カード・カウンター(2021年製作の映画)
4.8

このレビューはネタバレを含みます

罪を罪として背負い続けることと、人間として生きることの狭間を問い続けるような映画で、地味なんだけど響くものがあった。

ブラック・ジャックという賭けの特性は主人公曰く"過去が未来の期待値に影響を及ぼすこと"である。過去の桎梏に囚われストイックに生きてきた主人公が自分の選択や未来を取り戻すという意味において、感動的な映画だった。

アブグレイブ刑務所において力の偏流(尋問者が囚人に対し、逆効果にも関わらず強い権力の行使を行うこと)に呑まれ、残虐な拷問を行う兵士に改造させられた経験が、感情や欲望の発露に対する罪の意識を大きくさせたのだろう。
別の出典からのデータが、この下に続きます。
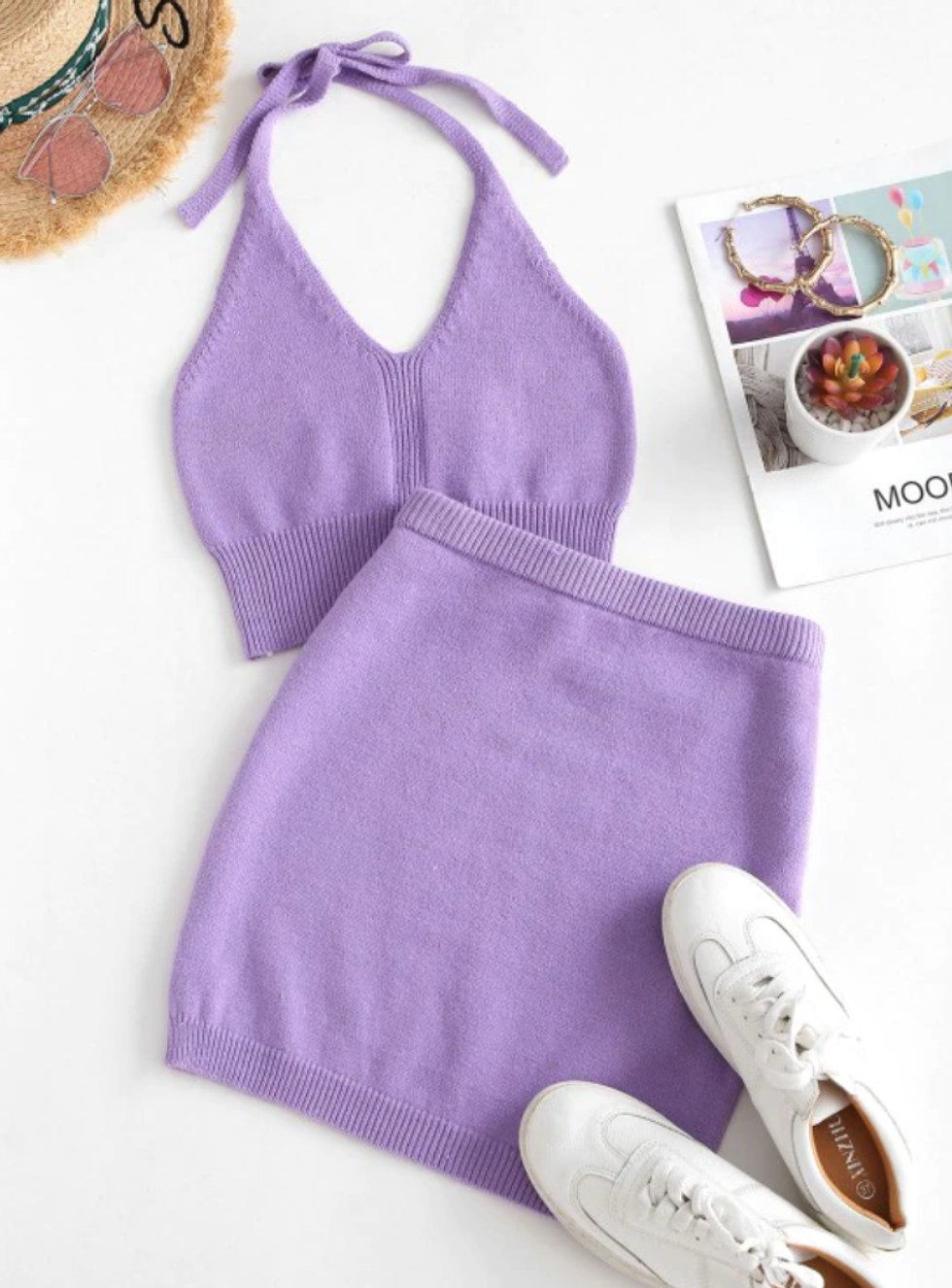 Details: This bright halter set is stretchy and soft and comes in four gorgeous colours like purple and green. Shoppers say they also pair the top with jeans which looks cute, too.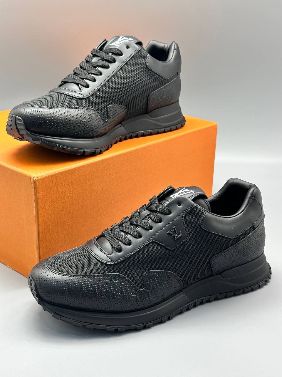 Мужские кроссовки в полностью черном исполнении, сочетающие гладкую кожу и сетчатый текстиль с тиснением знаменитого паттерна бренда в современном урбанистическом дизайне.
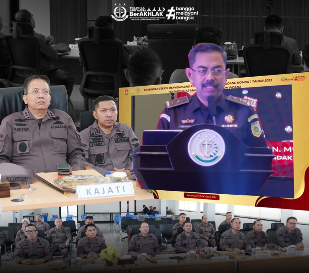 Magetan – Kepala Kejaksaan Tinggi Jawa Timur, Dr. Kuntadi, S.H., M.H., bersama Kepala Kejaksaan Negeri Magetan, Yuana Nurshiyam, S.H., M.Hum., CSSL dan jajaran mengikuti kegiatan Bimbingan Teknis (Bimtek) “Menyongsong Penerapan Undang-Undang Nomor 1 Tahun 2023 tentang Kitab Undang-Undang Hukum Pidana (KUHP)” secara daring di Aula Kejari Magetan, Kamis (16/10/2025).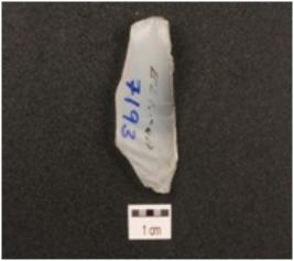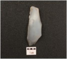 | Description / विवरण | An utilized flake with a prepared platform, bulb on the ventral side, use wear marks at cutting edge, flat end section. |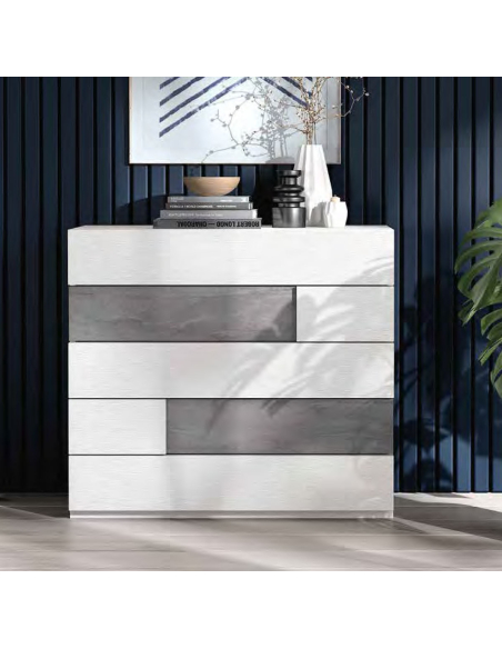 Cómoda cinco cajones Kúbica Tetris ideal para la habitación de matrimonio.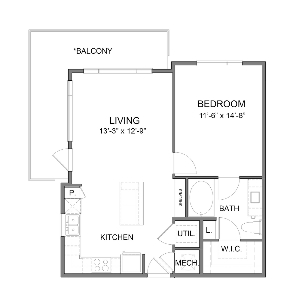 1 Dormitorio, 1 Baño, 740 pies²Disponible prontoGalería del Modelo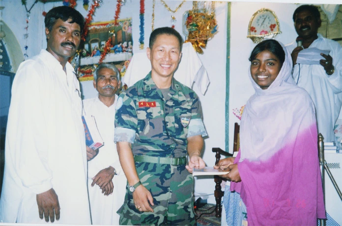 크리스마스를 맞아 그곳을 방문해서 아이들에게 공책과 연필을 선물로 주었다.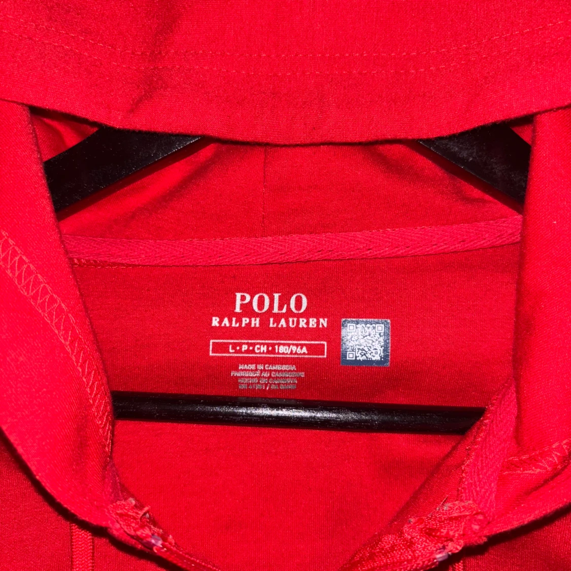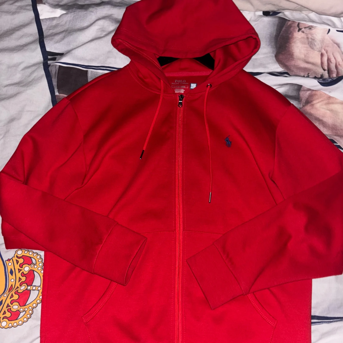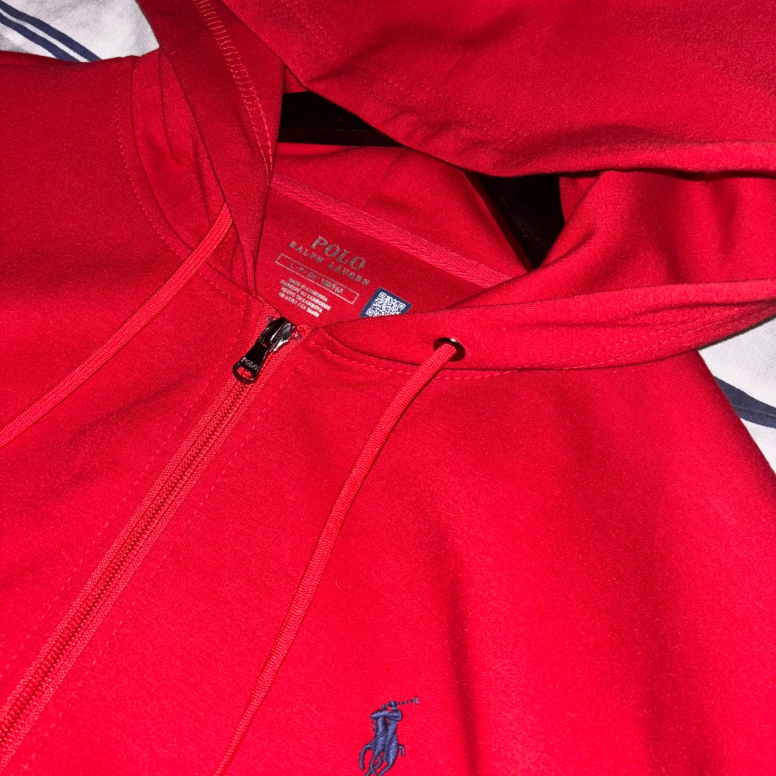 Riktigt snygg röd hoodie från Polo Ralph Lauren med dragkedja och huva. Klassisk blå broderad logga på bröstet och praktiska fickor framtill. Perfekt för dig som vill ha en stilren och bekväm tröja med streetkänsla. Priset kan diskuteras!!

ティルト(勝ちにこだわって正常な判断ができなくなる状態)に陥るのを回避しつつ禁欲的な賭けを重ねてきた主人公の姿は、またある意味で人間性に欠けたマシーンのように映る。

「狂わないために狂っている」としか言いようのない袋小路で苦しむオスカーアイザックのポカンとした目つきや、手のショットの蓄積も映画全体としてすごく効果的に感じられた。

モーテルでの日記記入タイムを見るたびに、ポール・シュレイダーどんだけ田舎司祭の日記好きやねん、と微笑ましい気持ちになった。